Task objective: Transcribe the full listing without changing a word, and omit its pictures.

Records provided:
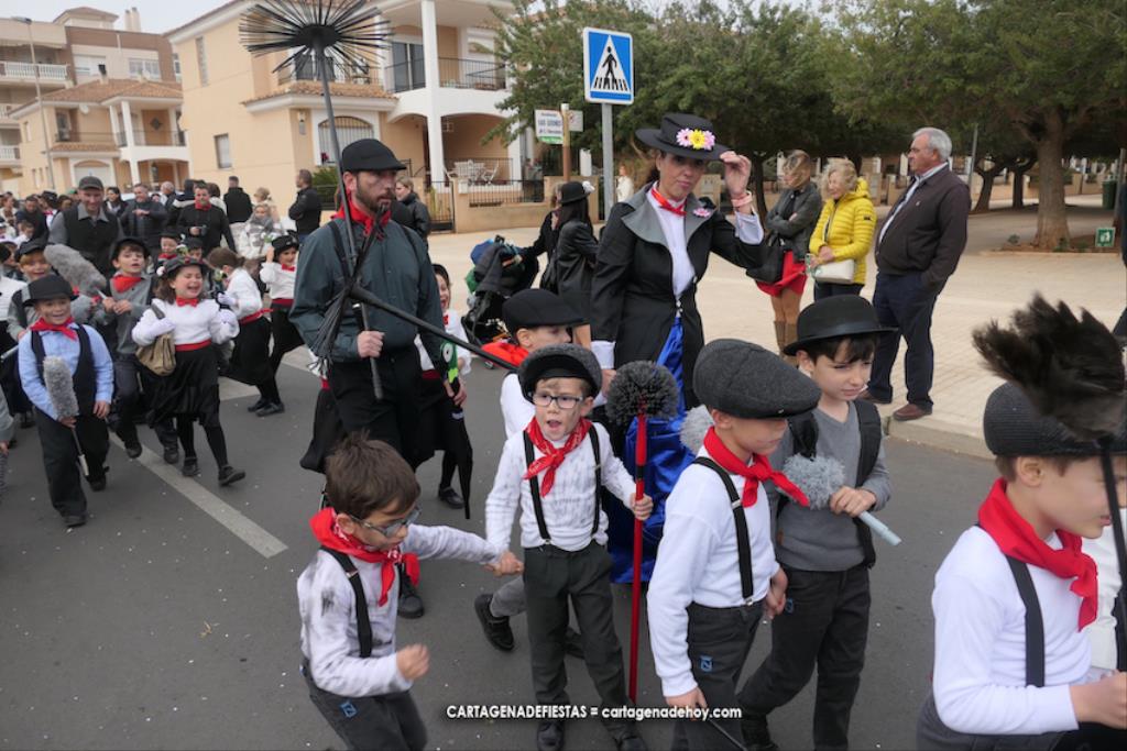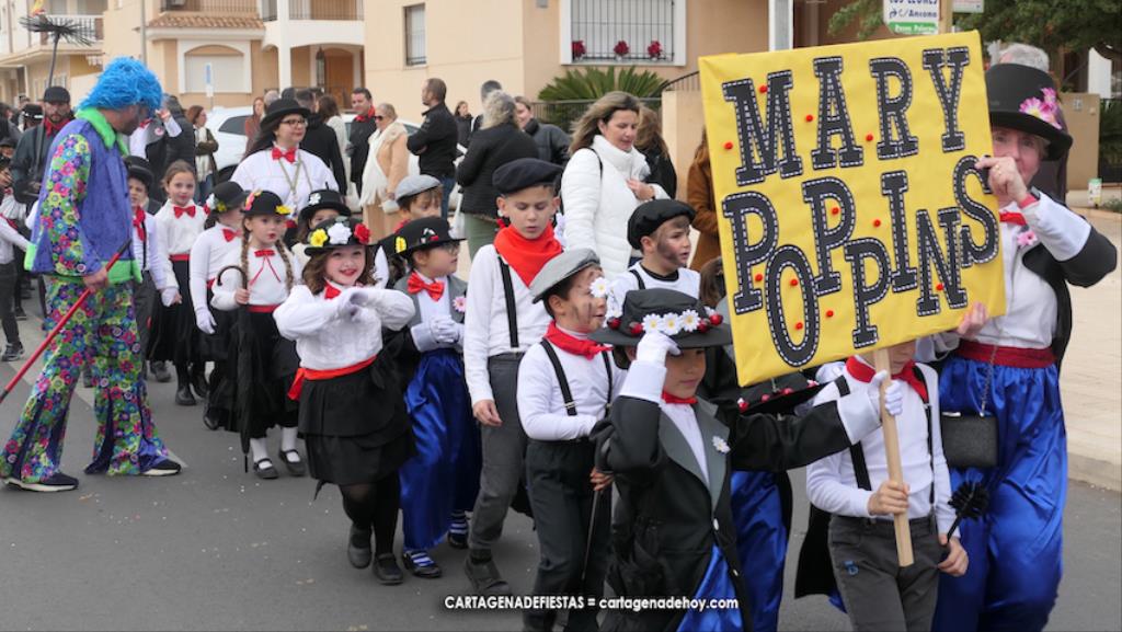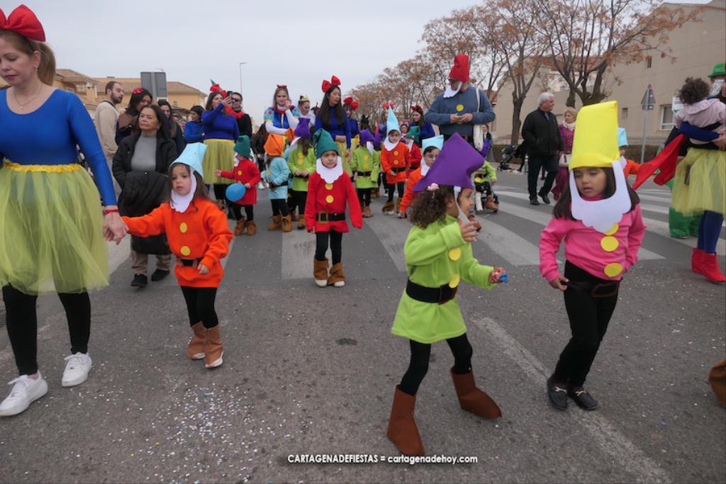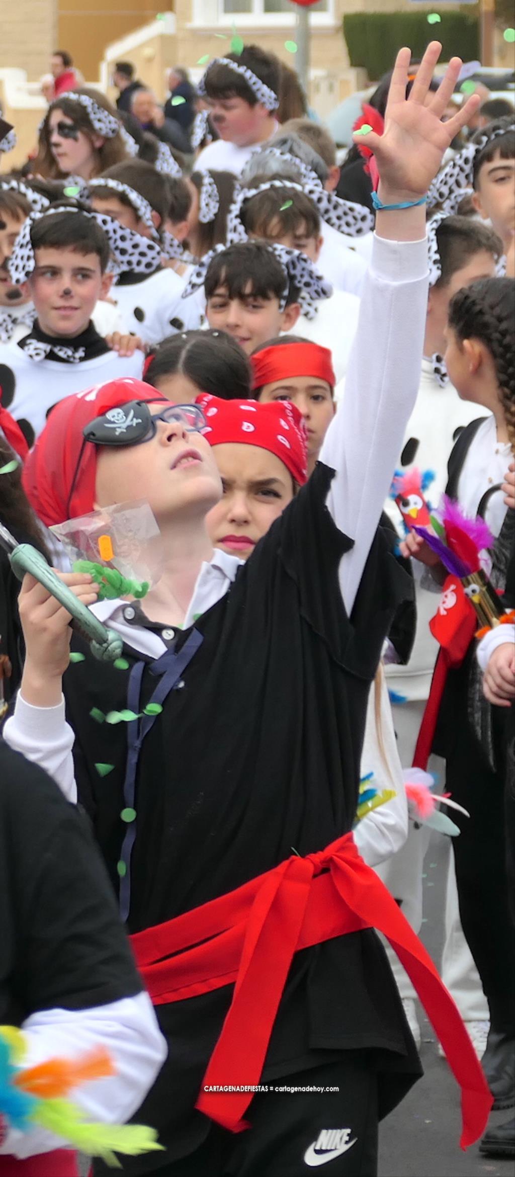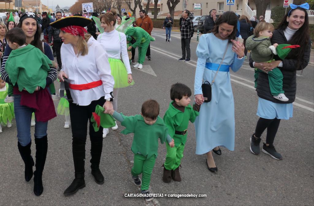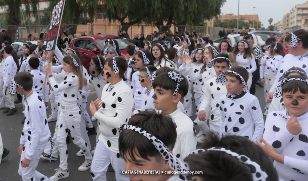 Decenas de dalmatas, piratas, enanitos, deshollinadores y otros conocidos personajes han protagonizado el gran desfile anual del carnaval del Colegio Narval, que se ha estructurado en dos grupos, con uno primero para los alumnos menores de cinco años y otro, con música, para los de las siguientes etapas educativas, cerrando una representación de la comparsa local Paraíso, que ha colaborado con este desfile al igual que la asociación de vecinos.
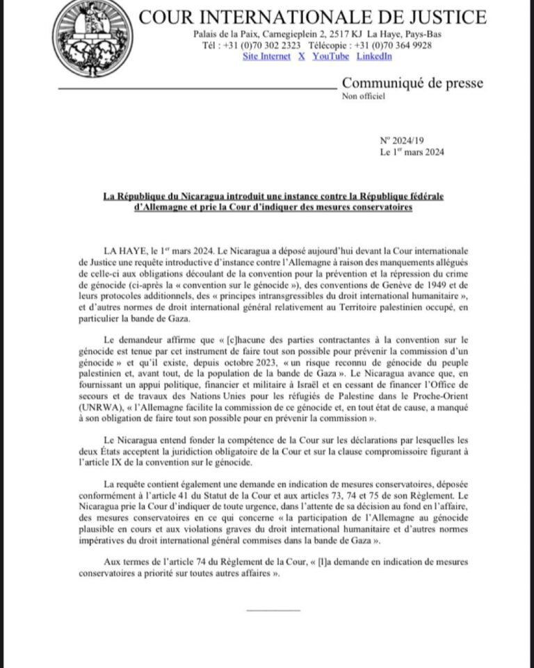 1er mars 2024 Aujourd’hui, le Nicaragua a introduit une instance...
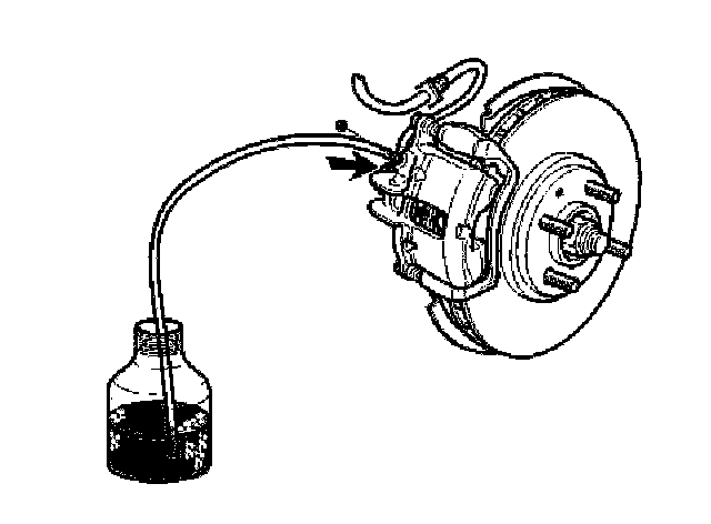 Remove the protective cap from the bleed nipple and connect the transparent hose to the collecting bottle. Open nipple about one turn.
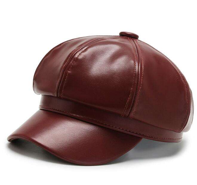 Gorra octogonal de PU, gorra Ivy, boina para mujer, venta al por mayor, calidad superior, clásica, económica, ajustable, de cuero, multicolor o personalizada
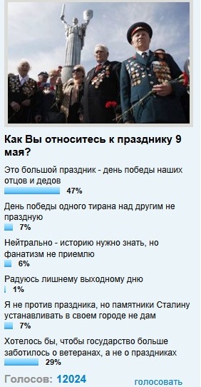 А для большинства украинцев День Победы, несмотря на все политические спекуляции, таки является одним из самых больших праздников. Или кто-то будет пытаться оспорить данные опроса сайта «Левый берег»?

Expected answer:
 Decenas de dalmatas, piratas, enanitos, deshollinadores y otros conocidos personajes han protagonizado el gran desfile anual del carnaval del Colegio Narval, que se ha estructurado en dos grupos, con uno primero para los alumnos menores de cinco años y otro, con música, para los de las siguientes etapas educativas, cerrando una representación de la comparsa local Paraíso, que ha colaborado con este desfile al igual que la asociación de vecinos.
 1er mars 2024 Aujourd’hui, le Nicaragua a introduit une instance...
 Remove the protective cap from the bleed nipple and connect the transparent hose to the collecting bottle. Open nipple about one turn.
 Gorra octogonal de PU, gorra Ivy, boina para mujer, venta al por mayor, calidad superior, clásica, económica, ajustable, de cuero, multicolor o personalizada
 А для большинства украинцев День Победы, несмотря на все политические спекуляции, таки является одним из самых больших праздников. Или кто-то будет пытаться оспорить данные опроса сайта «Левый берег»?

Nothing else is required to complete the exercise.